══ Data for this task

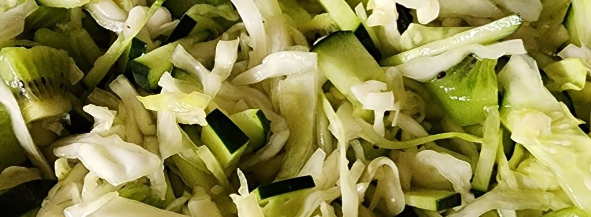 Mezclar col, pepino y kiwi.
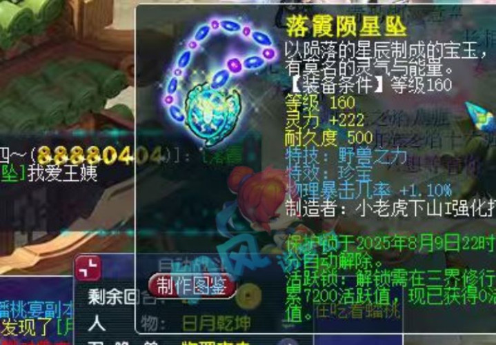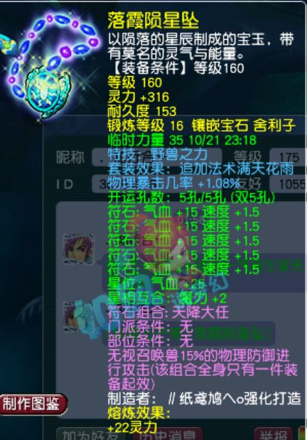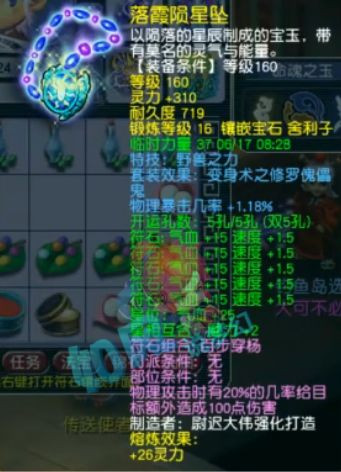 新出一条160野兽之力项链,附加物暴几率1.1%。如今的175PK版本当中,野兽是物理系的必备特技,九黎城门派更是偏爱物暴几率,这条项链应该会非常吃香。
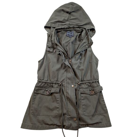 C'Esttoi Womens Army Green Vest Button Up/Zip Up Waist String Pockets Size M
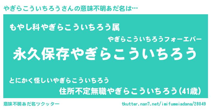 | 男性向けラノベタイトル風あだ名 | 『やぎらこういちろうという概念が存在しない退屈な世界 』 |
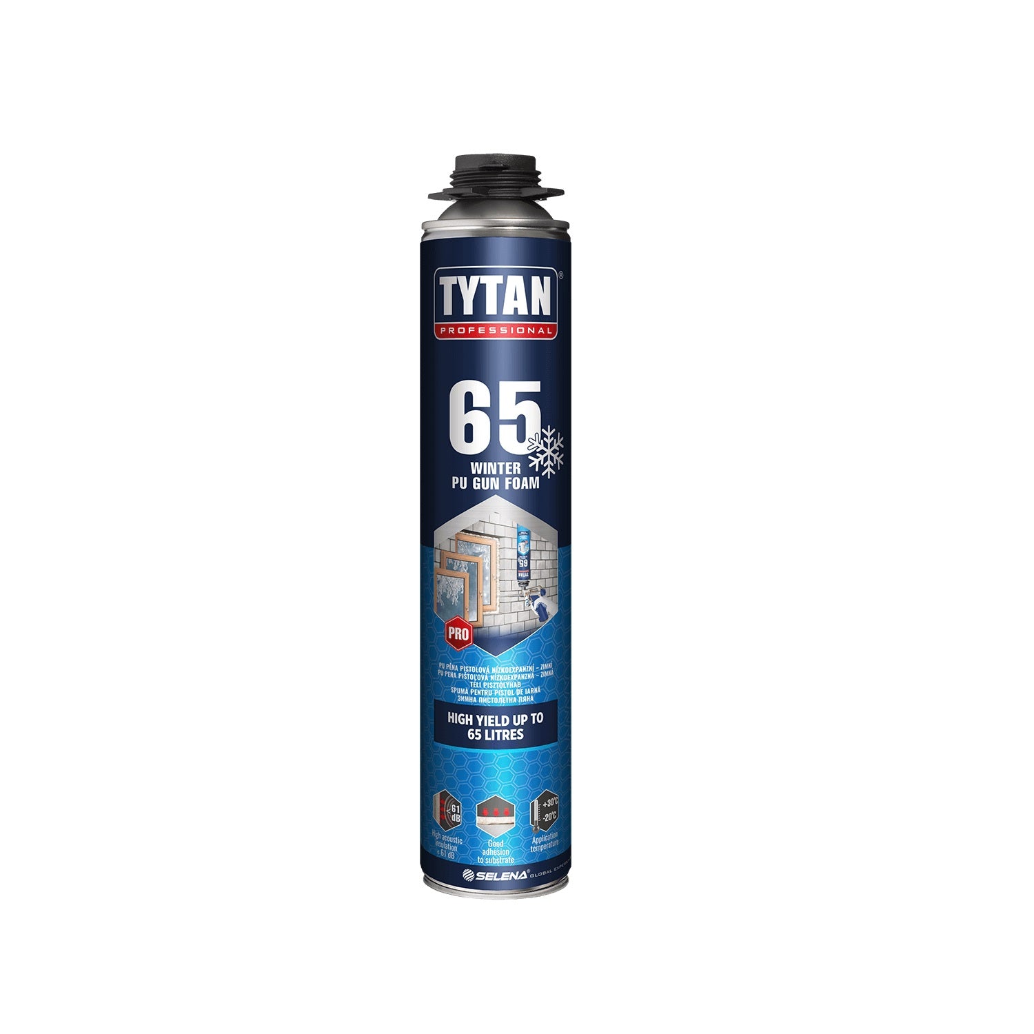 TYTAN 65 zimná montážna PUR pena pištoľová 870 ml je vysokokvalitná PUR pištoľová pena so zvýšenou výdatnosťou (65 litrov peny), nízkou post-expanziou a vynikajúcou zvukovou izoláciou. Vhodná na profesionálne použitie počas zimnej sezóny pri teplote prostredia od - 10 °C. Montážna pena nesteká z vertikálnych podkladov.
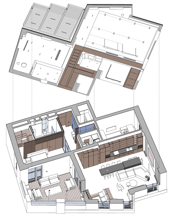 We aimed to create different life scenarios—an interior where one could comfortably watch breathtaking sunsets with a loved one, or celebrate holidays with friends.
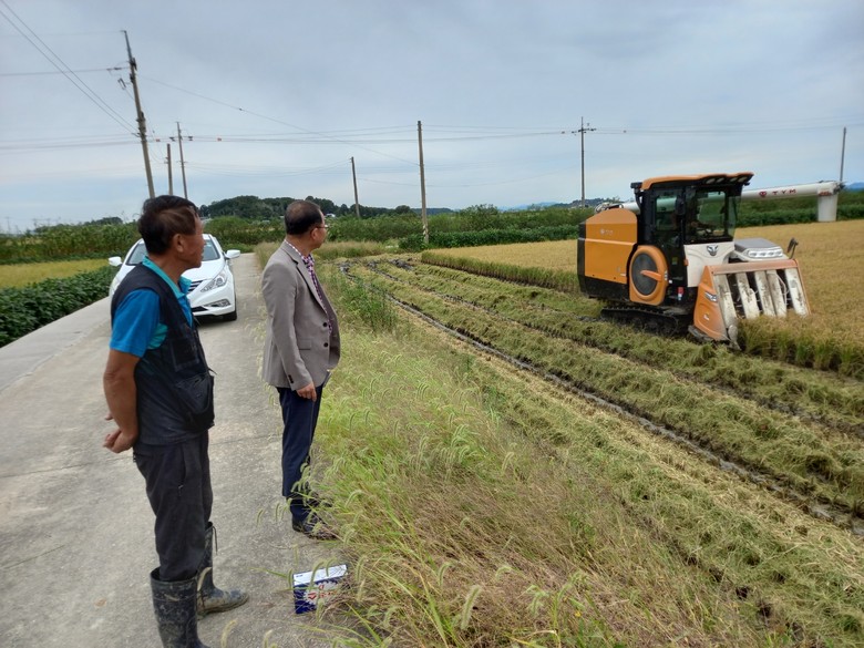 특히, 최근 계속되는 잦은 비 및 병충해로 인한 농민들의 노고를 격려하고, 마을 현안 및 애로사항을 청취하며 벼 수확의 기쁨을 함께 나눴다.
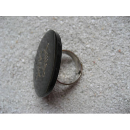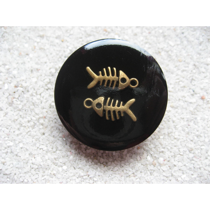 Grande bague arêtes de poisson bronze sur fond noir en résine
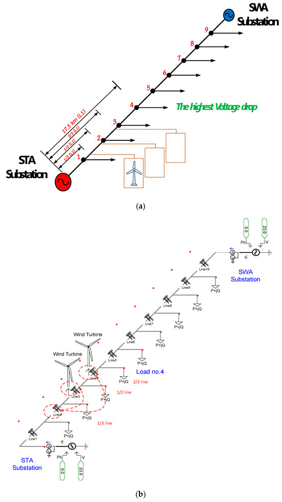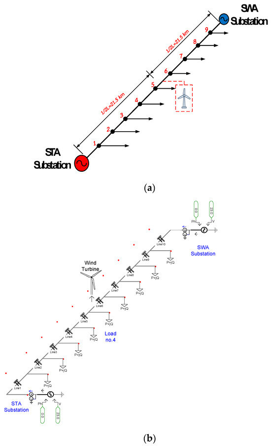 Various DG positions along the length of the distribution feeder. (a) Single-line diagram. (b) The PSCAD model.
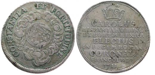 Větší peníz na korunovaci na římského císaře ve Frankfurtu 22.12.1711 Pod korunou 8řádk.nápis / zeměkoule v oblacích, opis, Nesign., Ag 26 mm, 4.44 g, Nov.XI/F-42b, JF.680c_R!
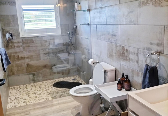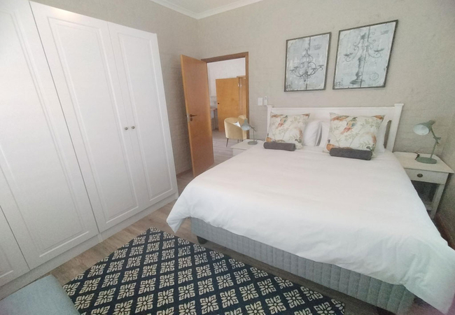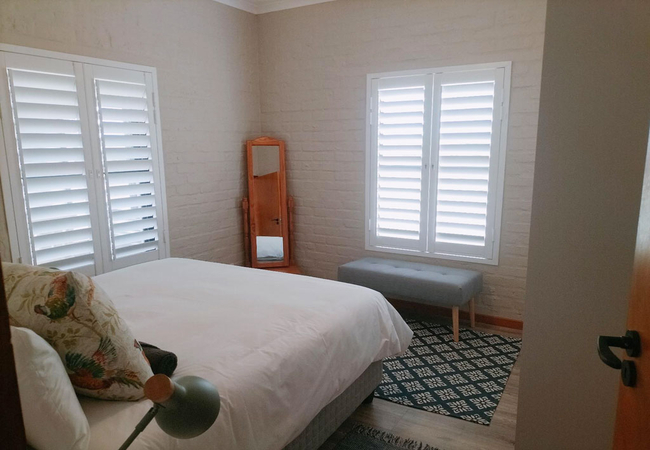 Vineyard Villa 2 is a semi-detached cottage in Stanford that has two bedrooms. The first room is furnished with a Queen-size bed and the other with two single beds. The shared bathroom is fitted with a shower, toilet and basin.
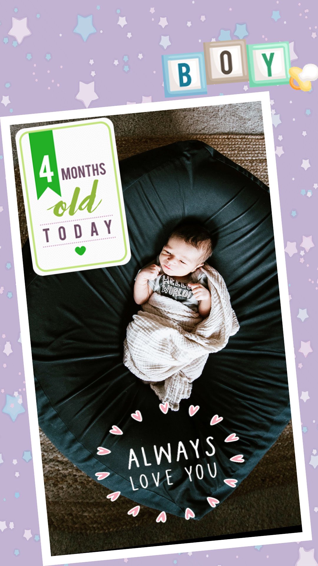 Fotoğraf montaj uygulamamızın yardımıyla bebek fotoğraflarınızı sanatlara çevirin. Güzel bebek resimleri oluşturmak ve onları herkesle paylaşmak için bebek kilometre taşlarımızı kullanın! Bebek aylık çıkartmalarıyla resimlerinizi düzenleyin ve onlara gerçekten benzersiz bir dokunuş verin.
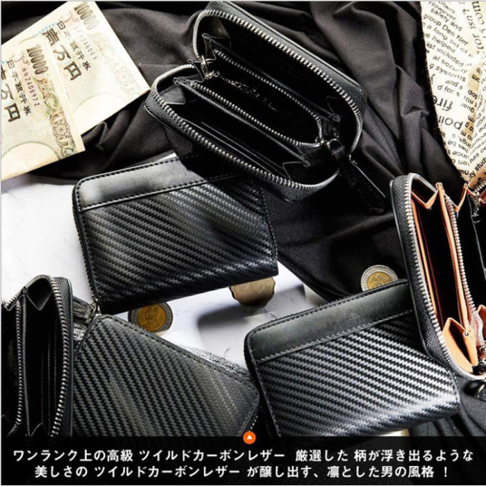 新款 碳纖維短款男士零錢包日本拼接拉鍊錢包

════

> _Task requirements_: All pictures should be dropped; the lines from the one containing "Fotoğraf montaj uygulamamızın" through the last line of the material are to be set down exactly.

> _Answer to the problem_:
 Fotoğraf montaj uygulamamızın yardımıyla bebek fotoğraflarınızı sanatlara çevirin. Güzel bebek resimleri oluşturmak ve onları herkesle paylaşmak için bebek kilometre taşlarımızı kullanın! Bebek aylık çıkartmalarıyla resimlerinizi düzenleyin ve onlara gerçekten benzersiz bir dokunuş verin.
 新款 碳纖維短款男士零錢包日本拼接拉鍊錢包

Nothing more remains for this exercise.